L’industrialisation est notamment rendue difficile par les contraintes mécaniques et thermiques propres à cette machine discoïdale. Les premiers obstacles concernent la réduction des fuites magnétiques et l’évacuation de la chaleur dans la machine. « Plus compact, le moteur à flux axial dispose de moins de surface d’échange thermique que la machine à flux radial, il chauffe donc plus », indique Romain-Bernard Mignot. Magnax a breveté un système de refroidissement à huile, en contact direct avec les bobines.

La seconde difficulté technique vient du rotor. « Pour un moteur de quelques dizaines de kilowatts, le diamètre du rotor de la technologie axiale mesure 40 à 50 mm, contre 20 à 30 mm dans un moteur classique, explique Christophe Espanet. Ce rotor, qui tourne entre 12 000 et 15 000 tours par minute, est moins stable mécaniquement et a plus de risque de se vriller, en étant attiré par le stator. Le recours à des matériaux composites permet de fabriquer un rotor plus stable mécaniquement. Mais cela entraîne un surcoût. L’équation économique n’est pas évidente.»

Compacité axiale intéressante pour les hybrides, selon Renault

Toutefois, Magnax compte s’aligner sur les prix des moteurs à flux radiaux existants. « Nous visons les prix du marché. À titre d'exemple, les moteurs en série pour la Tesla Model3 et la BMW i3 ne dépassent pas la barre des 1 000 euros », assure Daan Moreels. Magnax vise toutes les applications d’électromobilité, en particulier les voitures 100 % électriques. Ce n’est pourtant pas là que son atout maître, la compacité axiale, est le plus fort. « Dans le véhicule à batterie, la volonté d’avoir un moteur très étroit selon l’axe ne s’impose pas », affirme Christophe Espanet.

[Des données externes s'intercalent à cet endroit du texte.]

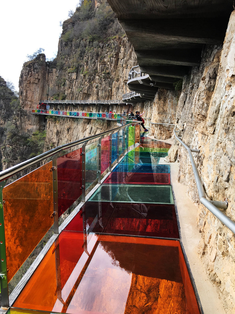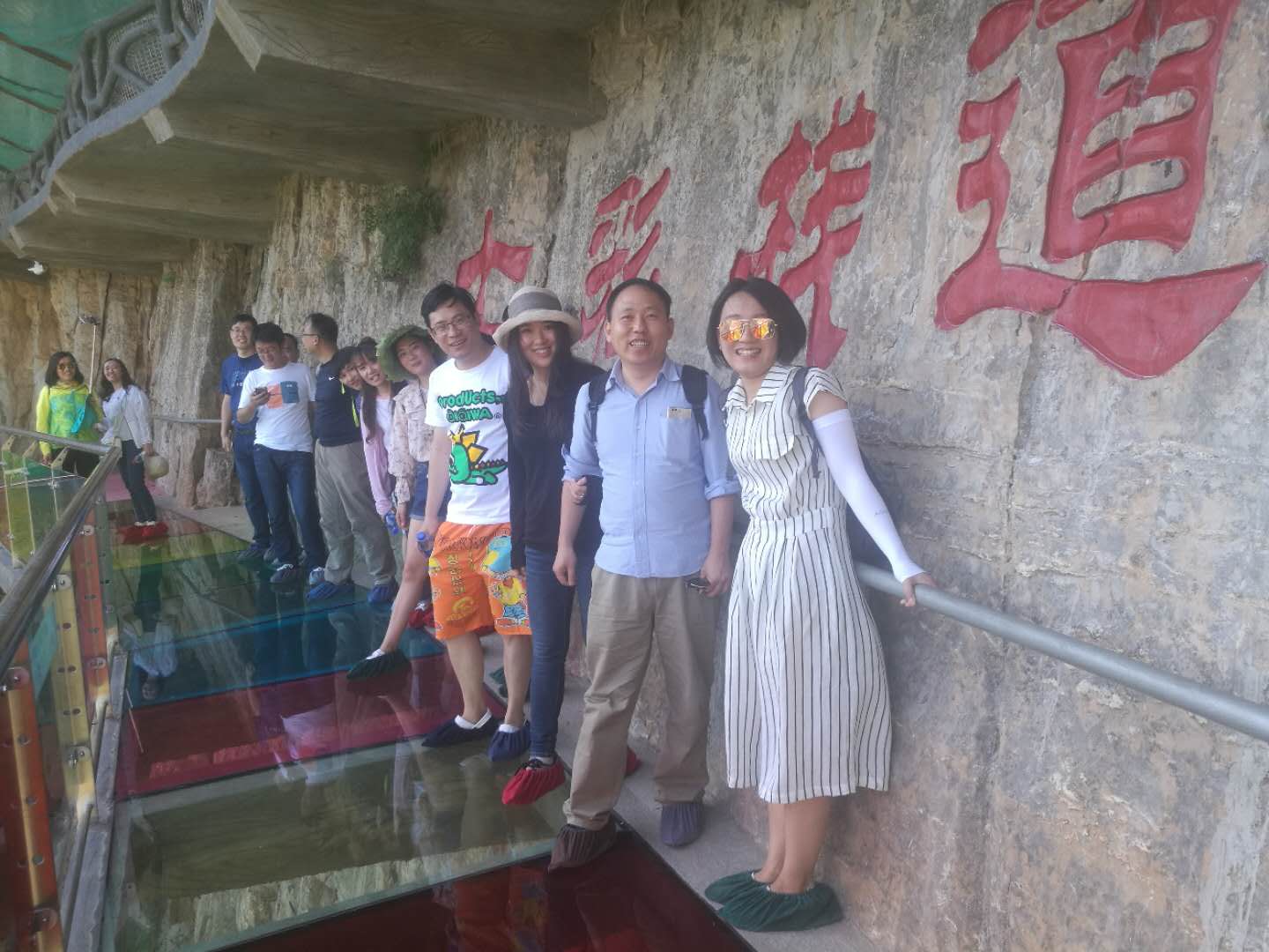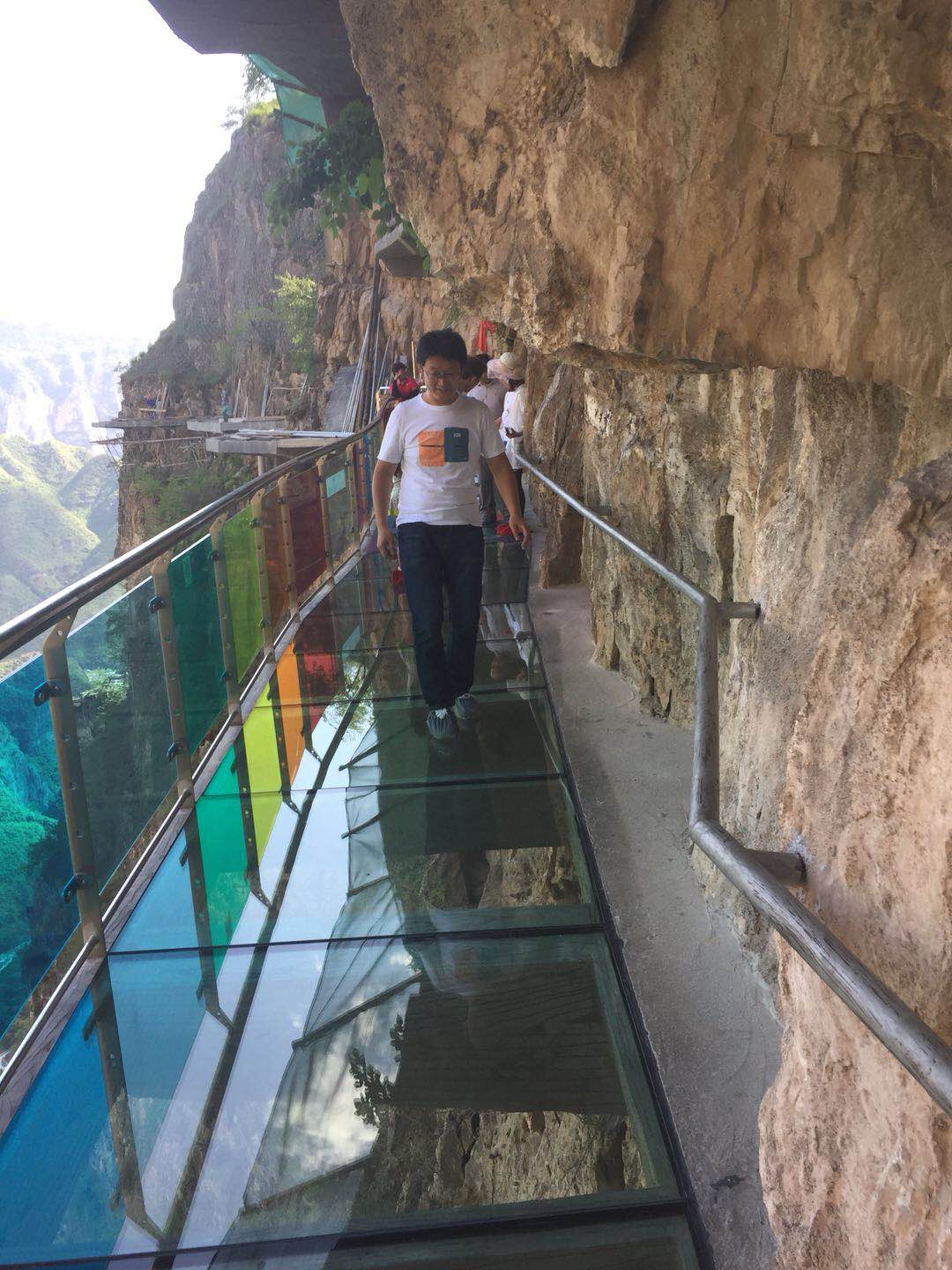 (豐盛的農(nóng)家菜) 團建活動part 2:挑戰(zhàn)七彩玻璃棧道 吃過午飯,一行人乘車去往東湖港。東湖港的玻璃棧道是七彩的,這是國內(nèi)首家“七彩玻璃棧道”,挑戰(zhàn)區(qū)全長1200米,其中七彩玻璃128米,高差600余米。走在玻璃棧道上,猶如踩著一條長長的彩虹橋,驚險刺激而又不失浪漫夢幻!

Ce n’est d’ailleurs pas dans ce cadre que Renault s’y intéresse. « C’est une topologie que nous regardons de très près. En hybride, elle pourrait apporter beaucoup», affirme Édouard Nègre, expert des moteurs électriques chez Renault. Et pour cause : le moteur électrique, qui se glisse à côté du moteur thermique, dispose de peu d’espace. Même si Magnax ne positionne pas son outsider en tête de la course, le moteur à flux axial pourrait trouver sa place à côté des moteurs à flux radial.

Les moteurs-roues visent l’auto


Moteur roue d'Elpahe. (D.R.)

De la trottinette à la voiture ? Les moteurs-roues commencent à se frayer un chemin vers l’automobile, alors qu’ils sont adoptés par les nouvelles mobilités depuis des années, des trotinettes aux vélos à assistance électrique en passant par les gyro-roues. C’est en tout cas l’objectif d’Elaphe Propulsion Technologies, qui a bénéficié de 4,2 millions d’euros d’investissement de l’institut européen EIT InnoEnergy fin 2020 pour ses moteurs-roues adaptés aux contraintes des véhicules électriques. « Le principe est simple : deux ou quatre moteurs par véhicule, contrôlés individuellement, sont directement intégrés aux moyeux des roues », explique Matej Bicek, le directeur de l’exploitation d’Elaphe. Avec la disparition du système de transmission mécanique, les pertes énergétiques par frottement sont réduites et davantage de place dans l’habitacle est libérée. « Le design automobile peut ainsi être entièrement redessiné », insiste le directeur général des ventes, Luka Ambrozic.

Mais cette technologie a la qualité de ses défauts. Par leur position, les moteurs-roues sont plus vulnérables aux chocs et augmentent les masses non suspendues. « Plus il y a de poids dans les roues, plus la suspension est lente et la liaison au sol délicate », commente Lauric Garbuio, professeur à l’université Grenoble Alpes. Pour alléger le produit, des matériaux comme l’aluminium, le magnésium ou la fibre de carbone peuvent être utilisés, engendrant un surcoût. Autre difficulté : « Le moteur doit être petit et puissant, étant donné que le système de freinage se trouve également dans la roue, entre le moteur et le stator », précise Matej Bicek. Cela influe sur le coût : « Le prix d’un système roues-moteurs est peut-être 15 à 20 % plus élevé que celui à essieu, soit quelques centaines d’euros de plus », reconnaît le chef des ventes. Qui ajoute cependant que ce surcoût sera largement compensé par les gains apportés par cette technologie. Charge à Elaphe, qui veut passer à l’industrialisation de ses moteurs, de le prouver.